ACTIVITY:
Return the full listing unchanged, apart from leaving out its images.

INFORMATION PROVIDED:
↓

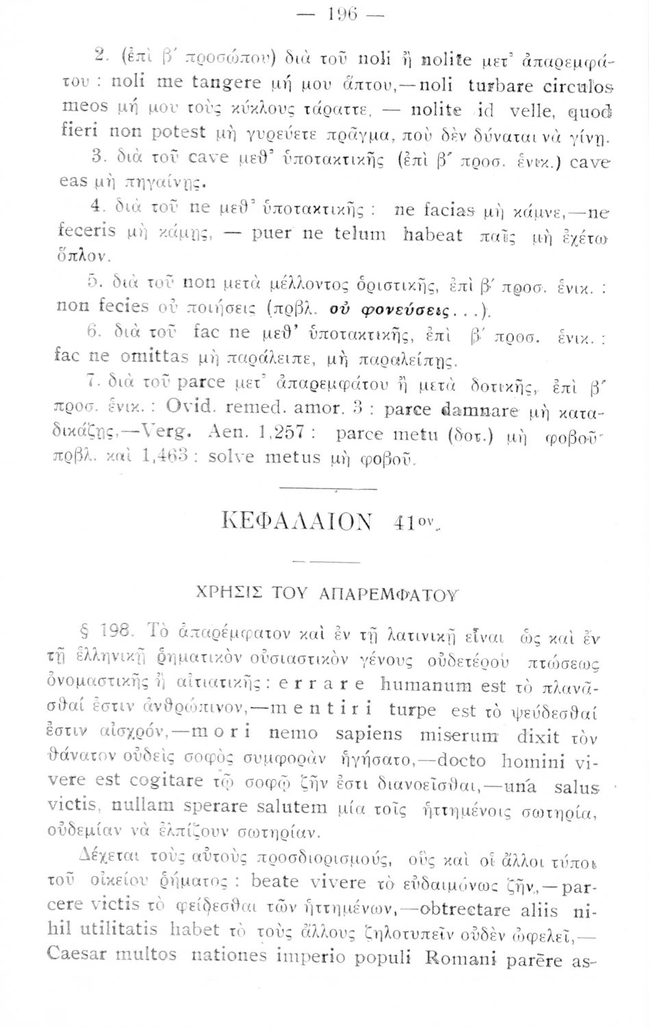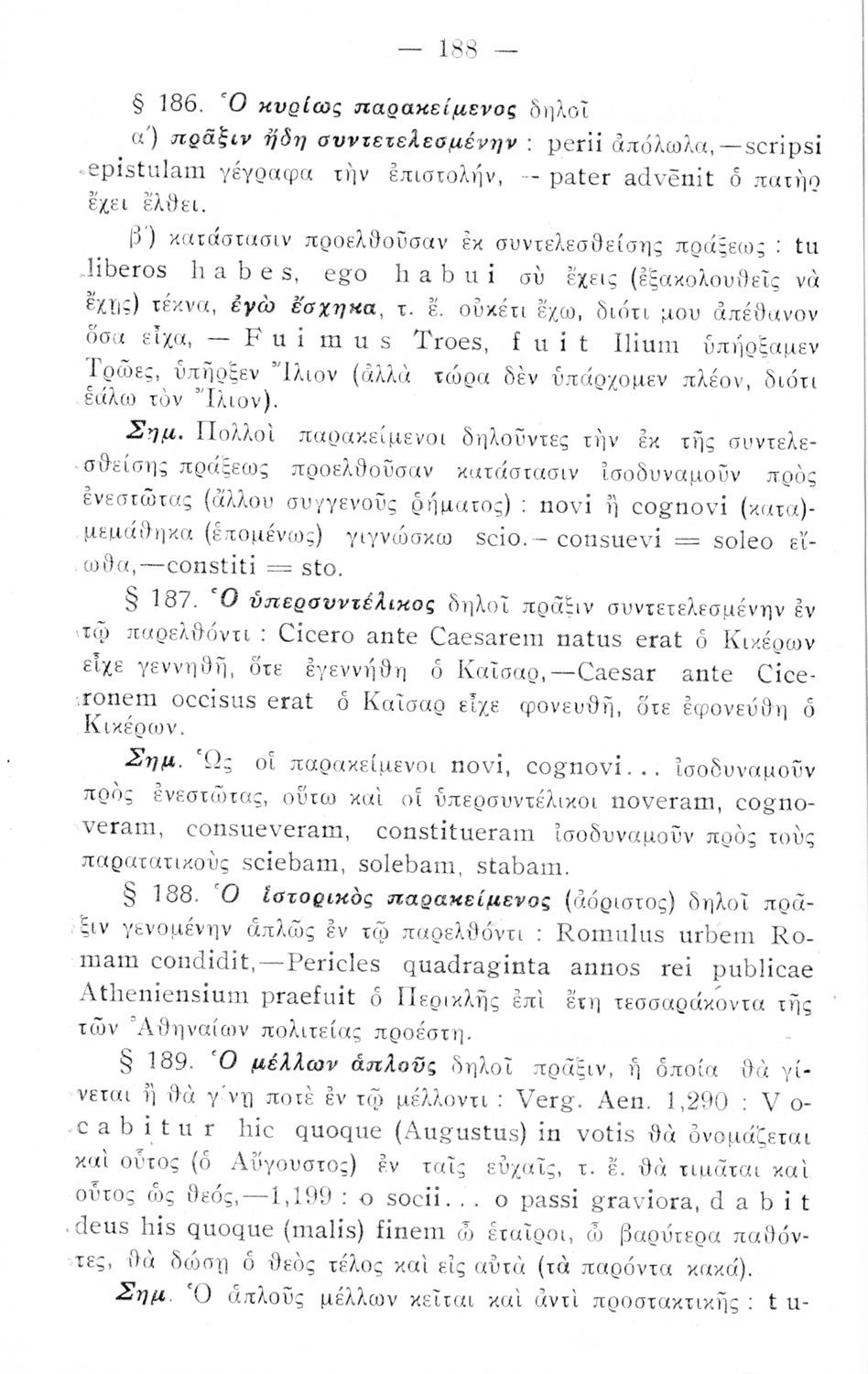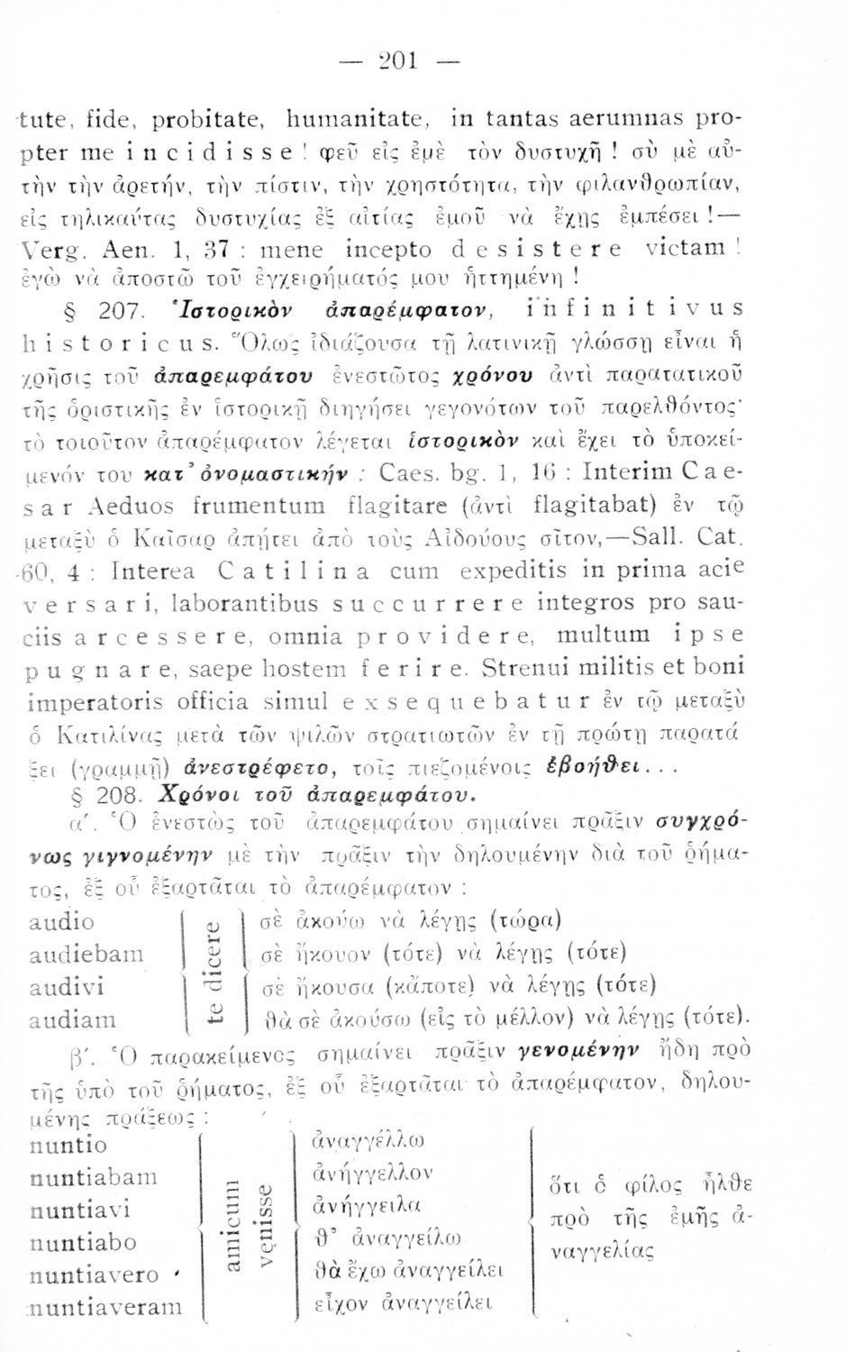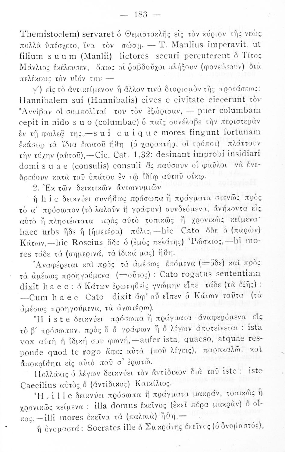 Σχολικό εγχειρίδιο Λατινικών Α΄, Β΄, Γ' Γυμνασίου που περιλαμβάνει γραμματική και συντακτικό και είναι χωρισμένο σε φθογγολογικό, τυπολογικό και ετυμολογικό μέρος.
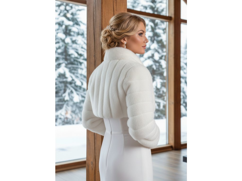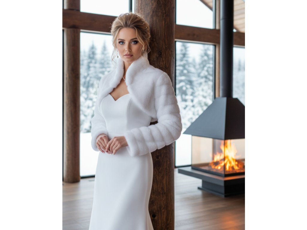 Kožešinové svatební bolerko s vysokým límcem.
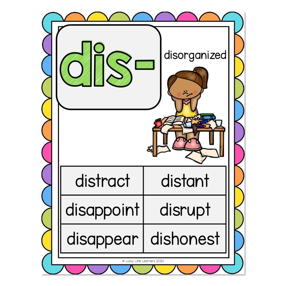 A poster that features words with the prefix DIS-. It can be used as a whole group focus poster, on a bulletin board, in a writing station, and in a small group setting during a lesson.

↑

ANSWER:
 Σχολικό εγχειρίδιο Λατινικών Α΄, Β΄, Γ' Γυμνασίου που περιλαμβάνει γραμματική και συντακτικό και είναι χωρισμένο σε φθογγολογικό, τυπολογικό και ετυμολογικό μέρος.
 Kožešinové svatební bolerko s vysokým límcem.
 A poster that features words with the prefix DIS-. It can be used as a whole group focus poster, on a bulletin board, in a writing station, and in a small group setting during a lesson.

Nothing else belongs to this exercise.